In other words, the sharp edge of ressentiment for humiliated historical societies manifests itself by striking out at the victors in an illusory effort to return to an idealized past when they had respect and recognition.

A Parvenu Scorned

The path to war in Asia is all but certain if China, which over the last few decades has “arrived late” to modernity in spades, becomes convinced that its future will be blocked by the West. Wrath has no greater fury than a parvenu scorned, especially when it has a long and continuous history of being a great power while its current rivals were “people from nowhere.”

Forebodingly, this is where we seem headed today. Just last week, President Xi Jinping cast aside normally oblique, diplomatic etiquette and lashed out, naming names. “Western countries led by the United States,” he declared, “have implemented all-round containment, encirclement and suppression of China, which has brought unprecedented grave challenges to our nation’s development.”
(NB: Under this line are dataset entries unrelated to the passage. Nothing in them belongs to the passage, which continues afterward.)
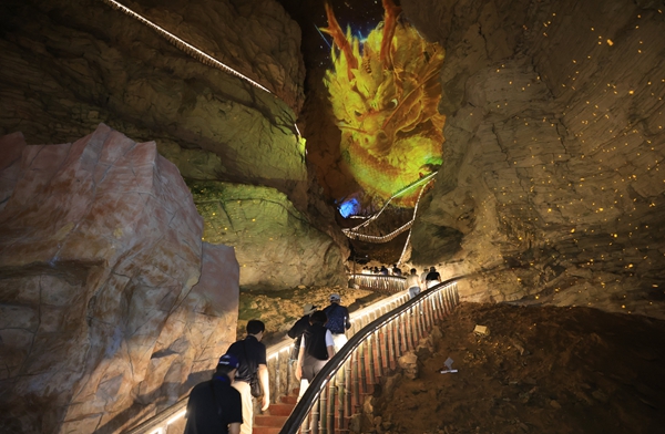 其余景区的特色活动同样亮点纷呈。10月1日至6日,黄龙洞景区推出“月满华诞・龙耀洞天”主题活动,民族服饰走秀、“龙王寻踪”NPC互动、洞内码头民俗表演搬进亿万年地质奇观中,让游客在溶洞秘境里感受民俗魅力;同期,千古情景区举办火人狂欢节,《祭火拜月大典》《打铁花》《水上火壶》等节目以“中式火焰美学”为核心,融合非遗绝技与科技元素,打造沉浸式感官盛宴。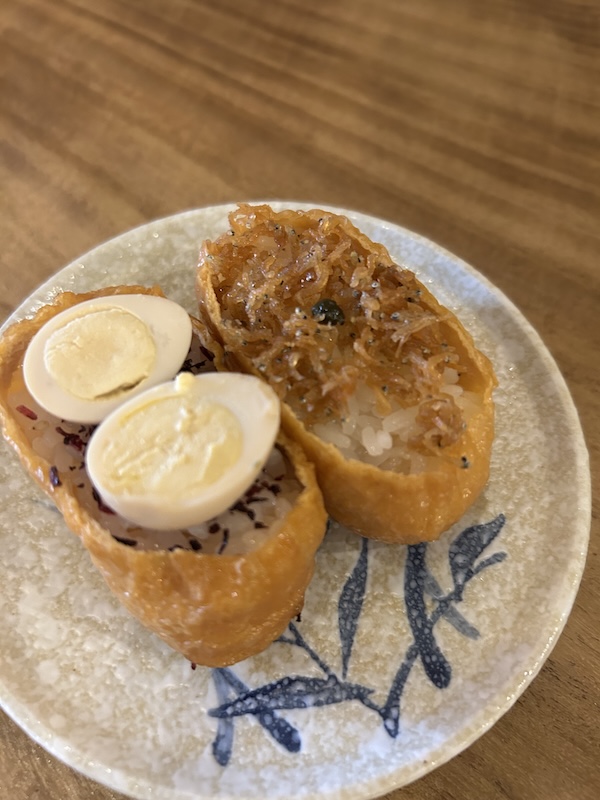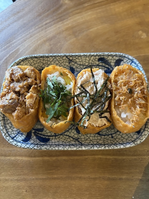 高松仏生山にある神崎屋さんの寿司酢と吉田養蜂場さんの<蜂蜜>を使ったいなり寿司に、色々な種類の具材をトッピングしています。角煮やシーチキン、ちりめん山椒、味玉うずらなど、具材の組み合わせを楽しんでください。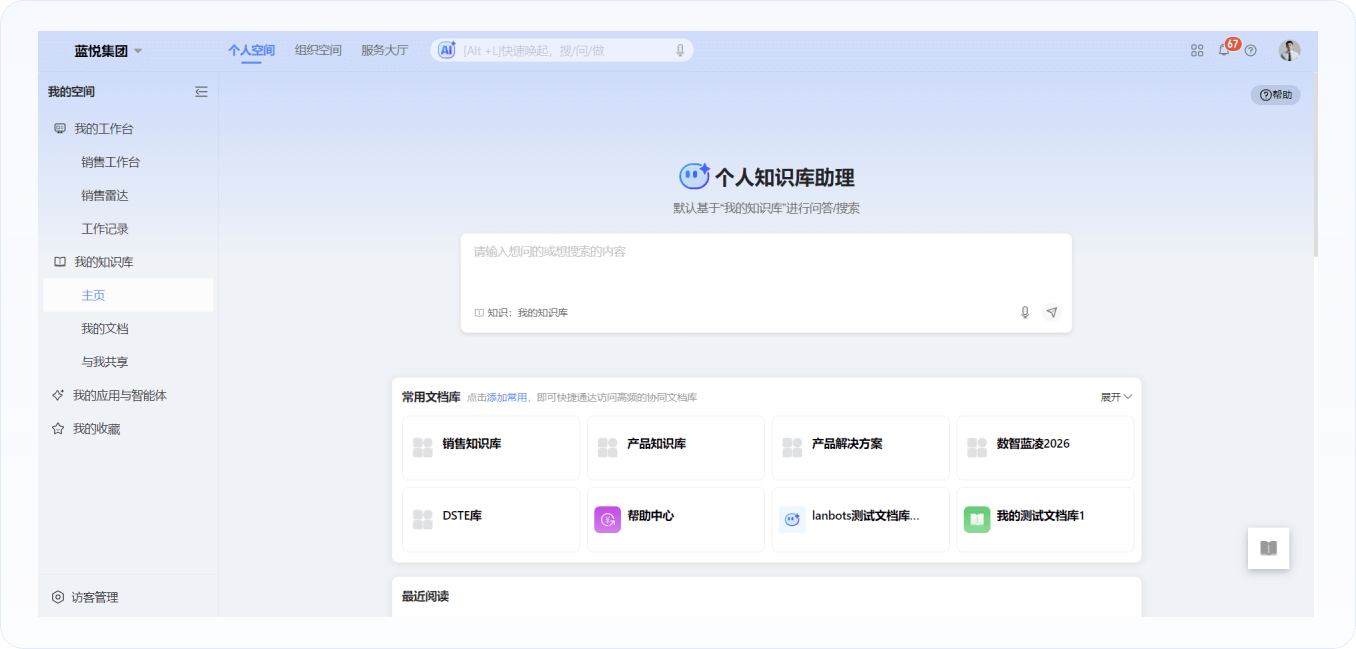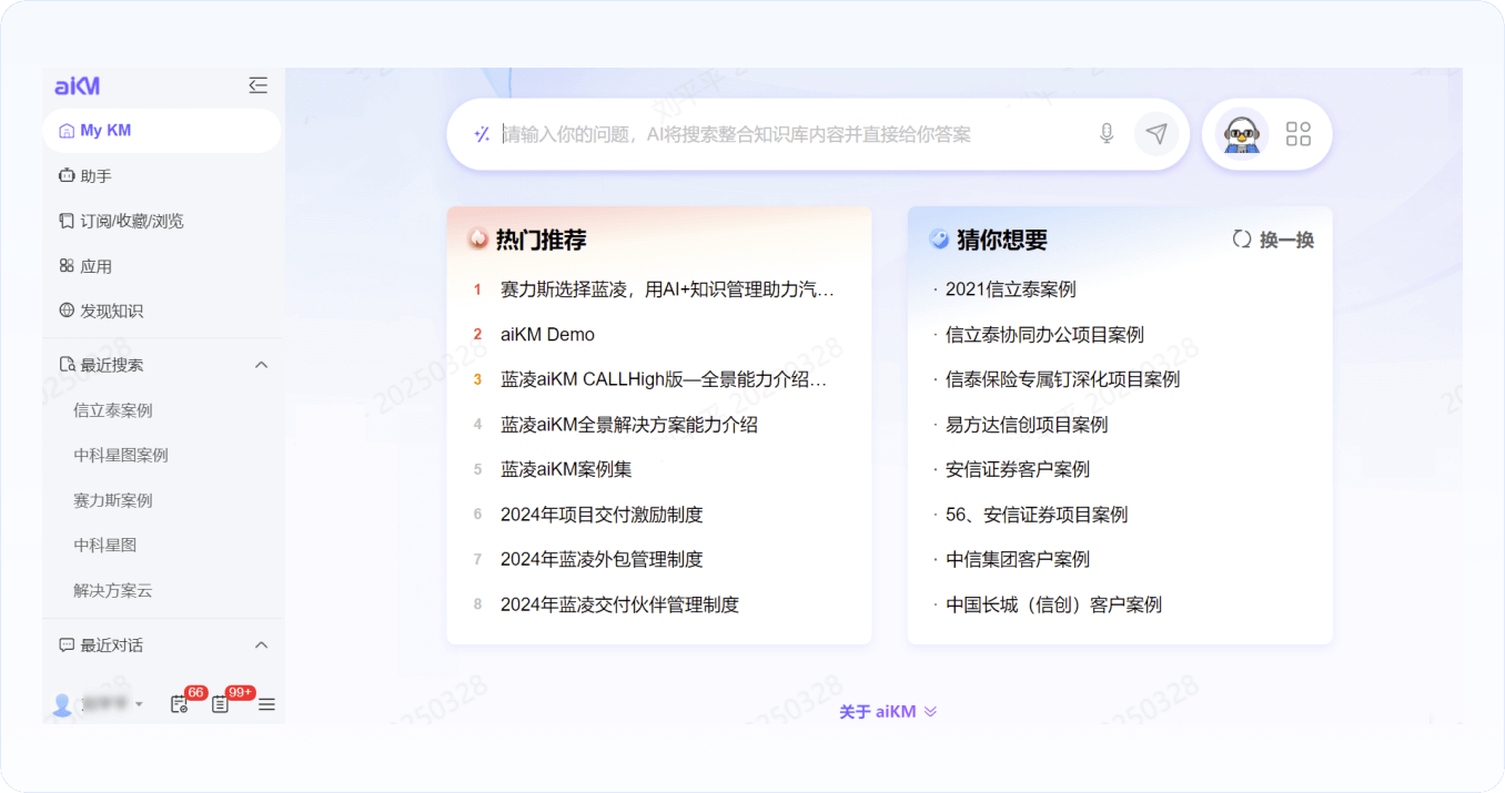 集合“最近搜索”“最近對話”“熱門推薦”“猜你想要”等內(nèi)容;支持搜索框快速搜索,或者一鍵喚起問答機(jī)器人,助力用戶高效查詢、獲取知識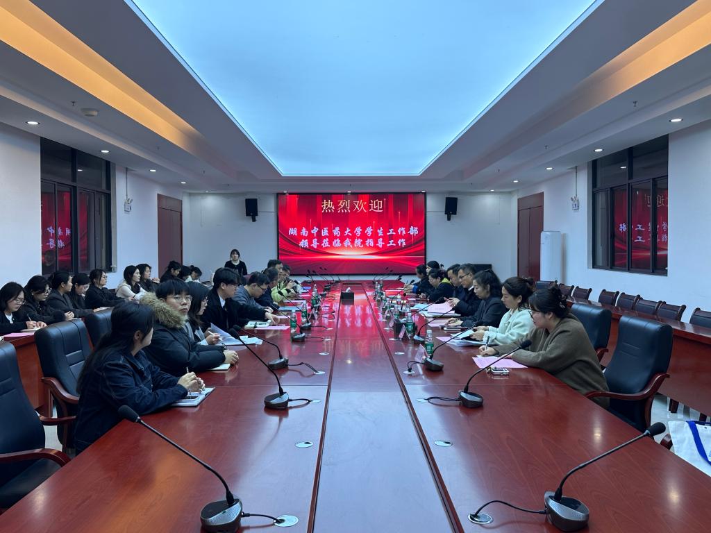 为深入落实立德树人根本任务,强化校院两级学工联动,精准指导学生工作高质量开展,2026年3月25日下午,湖南中医药大学学生工作部部长朱久宜率队赴湘杏学院湘阴校区召开学生工作部例会并开展专题辅导。校学工部副部长王召亿、李玉冰,办公室主任蒋雪,资助中心主任李湘玉,宿管科主任袁惠,思政科朱施琴,心理健康中心石林鹭出席会议。湘杏学院党委书记杨军辉、党委副书记刘瑞斌、湘阴校区学工部部长张毅韬及湘阴校区全体辅导员参加会议。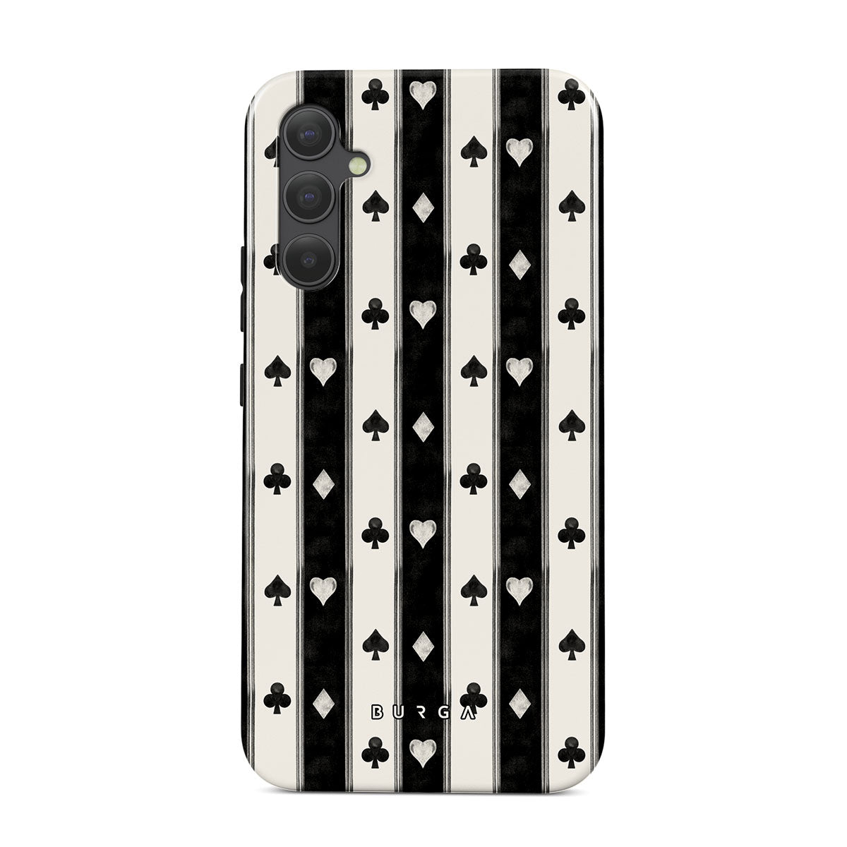 Questo design include: strisce nere e bianche, cuori, semi delle carte, stile vintage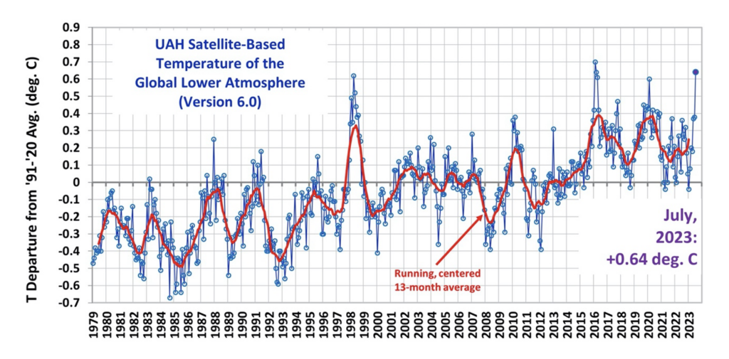 -” July 2023 was NOT the warmest month on the satellite record… an honor still held by February 2016. – July 2023 was about as warm as April 1998”. They are misleading us even by their own data, and their own data is junk.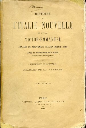 In-8°, pp. 343, brossura editoriale con dorso restaurato. 15 ritratti di personaggi del nostro Risorgimento disegnati e incisi su acciaio f.t. da Metzmacher, tra cui uno di Carlo Alberto all'antiporta. Dedica autografa di Charles de La Varenne 'a Monsieur le Marquise Monticelli, hommage d'affectueuse respect'. Una firma ottocentesca del dedicatario, il Marchese Pietro Monticelli. Fioriture. Discreto esemplare in barbe. Edizione originale dell'unico volume pubblicato (alla brossura di retro è scritto 'sous presse pour paraitre incessamment le deuxième volume', che, tuttavia, non vide mai la luce), notevolmente raro.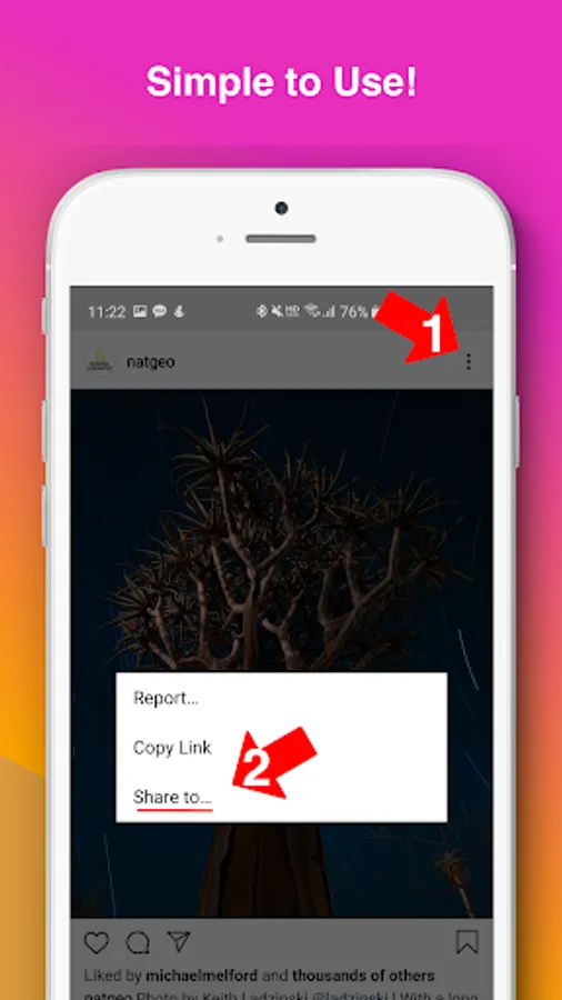 * Click Download button in the Instant Like App to download image.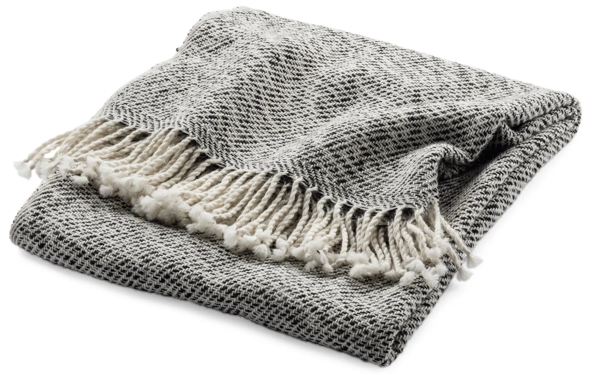 Aus weichem, leichtem Babyalpaka ist diese Decke gewebt. Babyalpaka stammt häufig von den Jungtieren aus der ersten Schur, aber auch das Haar der adulten Tiere wird Babyalpaka genannt, wenn die Faserfeinheit zwischen 19 und 21,9 Mikrometern liegt, es also äußerst fein ist. Im Schuss werden hier zwei Fäden, einer in Schwarz, der andere in Weiß, eingesetzt, die sich beim Weben leicht verdrillen und so der Decke die lebendige Oberfläche verleihen.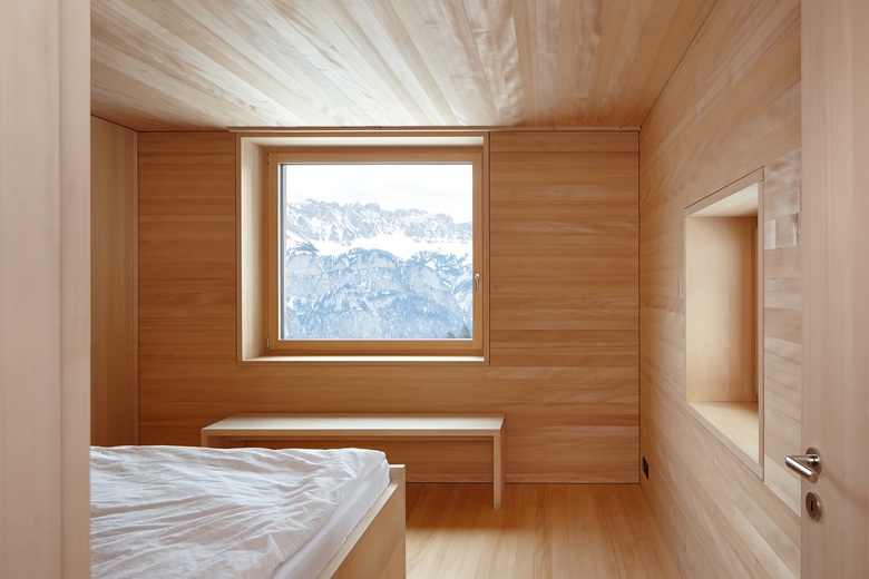 Die beiden über Eck geführten Panoramafenster im Hauptraum richten sich zu den sieben Bergspitzen der Churfirstenkette im Norden und zu den sieben Gipfeln der Alvierkette im Nordosten. Die inszenierten Aussichten auf die Wolkenbilder und Felsformationen zwischen Firnschnee und Waldgrenze im Morgen- und Abendlicht verleihen dem Haus — über seine innere Abwicklung hinaus — eine landschaftliche Dramatik. Die flächigen Auskleidungen des Holzbaus überhöhen diesen Effekt. Durch den langsamen Wuchs im Gebirge und durch die Auswahl bei der Verarbeitung ist das Weisstannenholz beinahe astlochfrei. Der vorgefertigte Ständerbau wurde innen an allen Oberflächen und Einbauten mit fein gehobeltem Weisstannentäfer ausgekleidet, dass es den bewaldeten und zerklüfteten Hängen der Voralpen im Innern des hölzernen Kubus eine präzis komponierte Innenwelt erstaunlicher Schlichtheit gegenüberstellt.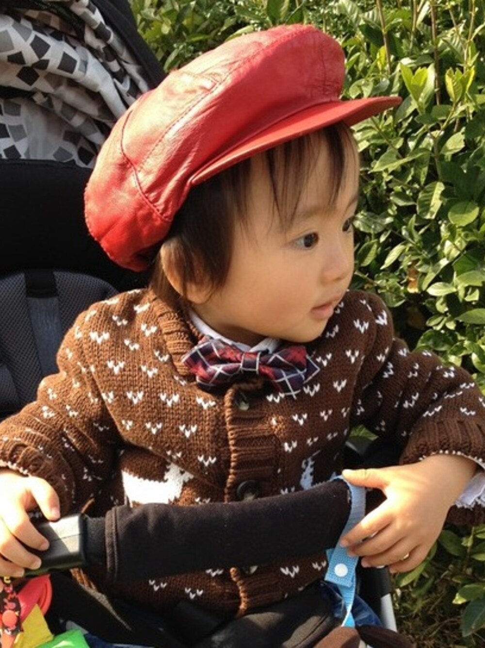 赤いレザーキャスケット カウチン風ニットカーデ 蝶ネクタイ♪(´ε` )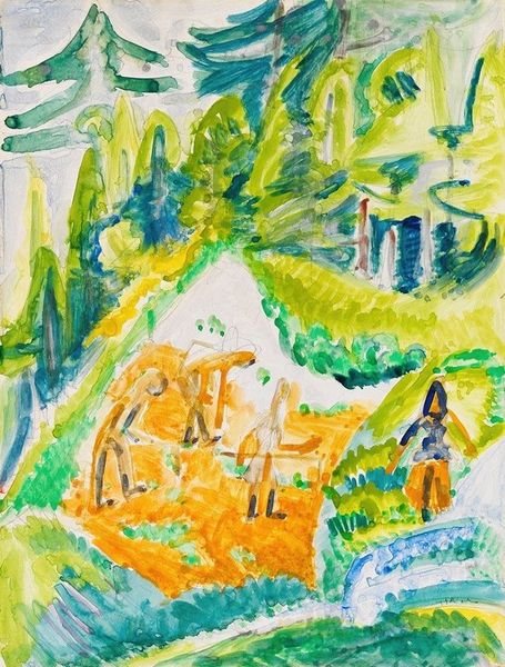 Curator: This work, dating back to 1927, is titled "Sketch of Decorations for Puppet Show 'The Rooster - Gold Scallop'." It's a lovely piece attributed to Boris Kustodiev, utilizing watercolor and tempera, and intended, it seems, for a stage backdrop. Editor: My first impression? Utter enchantment! It's like gazing into a whimsical fairytale. The colours seem so vibrant and the scene's spatial arrangement is oddly…stage-like! It’s playful but the overall mood feels strangely…contemplative, too. Curator: That "stage-like" quality is literal, of course. Kustodiev designed stage sets and theatrical costumes. There is a tradition of using very simplified scenography like this as an indication of folklore, as opposed to historical or modern content in the plays. Editor: It's fascinating how the simple shapes – those almost childlike renderings of the trees and hills – create such a convincing sense of depth and atmosphere. Is the grotto a symbolic image? Curator: Grotto, definitely. A dark entrance – perhaps it hints at a symbolic doorway to another realm or, a deeper self within. The cave represents a transformative space, especially for the characters involved. There’s a lot of history within Russian theatre using caves as archetypal and narrative symbolism. I appreciate that there's the contrast between the lively forest and that cave with a prison gate on the background. The juxtaposition could invite contemplation of confinement versus liberation. Editor: Indeed. There’s that balance too with folk art. Something profound masked in simple forms. And this specific intersection of folk tradition with the Russian Avant-Garde... it’s really powerful! I love how this sketch manages to compress so many cultural layers in a space so deceptively simple. Curator: For me, seeing pieces like these allows me to see just how interwoven various creative disciplines were in that period, the theater bled into the art and art into political design. This work helps me see it a bit more clearly!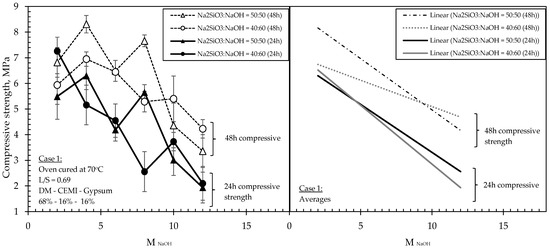 Figure 4, a general trend of compressive strength decrease with the increase of the alkalinity was observed with minor differentiations in the strengths (within a range of 10–15%). This trend is attributed to the fact that the DM cannot be dissolved in the alkaline solution, according to the results obtained from the dissolution tests. Therefore, the alkali presence and the increase of molarity did not affect the materials’ geopolymeric formation and the development of strength. In contrast, the increase of alkalinity seems to decrease the compressive strengths, since no geopolymeric reaction is taking place. On the other hand, the mix designs for Case 1 contain two pozzolanic materials (i.e., cement and gypsum) that favour the presence of water for developing high strengths. In mixtures of lower alkalinity, the cement and gypsum hydration reactions become dominant (due to a higher amount of unbound water, i.e., water not participating in the alkaline solution), thus resulting in higher strengths, as recorded.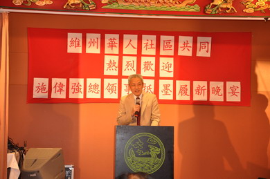 2011年3月2日和7日,維州華人社團(tuán)聯(lián)合會和以墨爾本洪門民治黨為首的維州華人中國國慶籌委會分別召集籌辦了大型晚宴,熱烈歡迎施偉強(qiáng)總領(lǐng)事履新。墨華人華僑、留學(xué)生代表等近700人參加。維州議員林美豐,市議員王宗堅、雷示人、蔣天麟,前市長蘇震西,州長華人事務(wù)顧問廖嬋娥等官員應(yīng)邀出席活動。

Some years ago, when I was discussing the rise of Asia with Lee Kuan Yew, Singapore’s founding father anticipated this clash between arrivistes late to modernity and the already established powers who looked down on them. “For America to be displaced, not in the world, but only in the western Pacific, by an Asian people long despised and dismissed with contempt as decadent, feeble, corrupt and inept, is emotionally very difficult to accept,” he said. “The sense of cultural supremacy of the Americans will make this adjustment most difficult.” 

In a similar vein, a few weeks ago, when the Adani Group’s stock fortunes tanked in Western markets as investors sold short, a popular former Cricket champion tweeted to his 23 million followers that “India’s progress is not tolerated by whites.”

It is the shared history of humiliation and scorn from the West that binds together the likes of India, Brazil, South Africa, Mexico and others from the Global South who won’t join Western sanctions against Russia despite the atrocious crimes against humanity being committed in Ukraine.

It is also the reason China viscerally sides with Russia. When one meets Xi in the Great Hall of the People in Beijing, he always raises how far his nation has come from the humiliation of colonialism, as if it were yesterday. It is not much of a stretch from that enduring memory to his conviction that the lessons of history place China next in the crosshairs of the West, after Russia.

The point of all this is not to excuse, and certainly not justify, the behavior of individuals and nations alike by pointing to their misfortune in the course of Western-led modernization. But it is to recognize, as Mishra so well conveys in his work, that wounds from the past will remain ever-present as the future unfolds.  

Emotions shape reasons of state no less than they do the lives of persons. The heretofore winners of modern history ignore this profound character of human nature at their peril.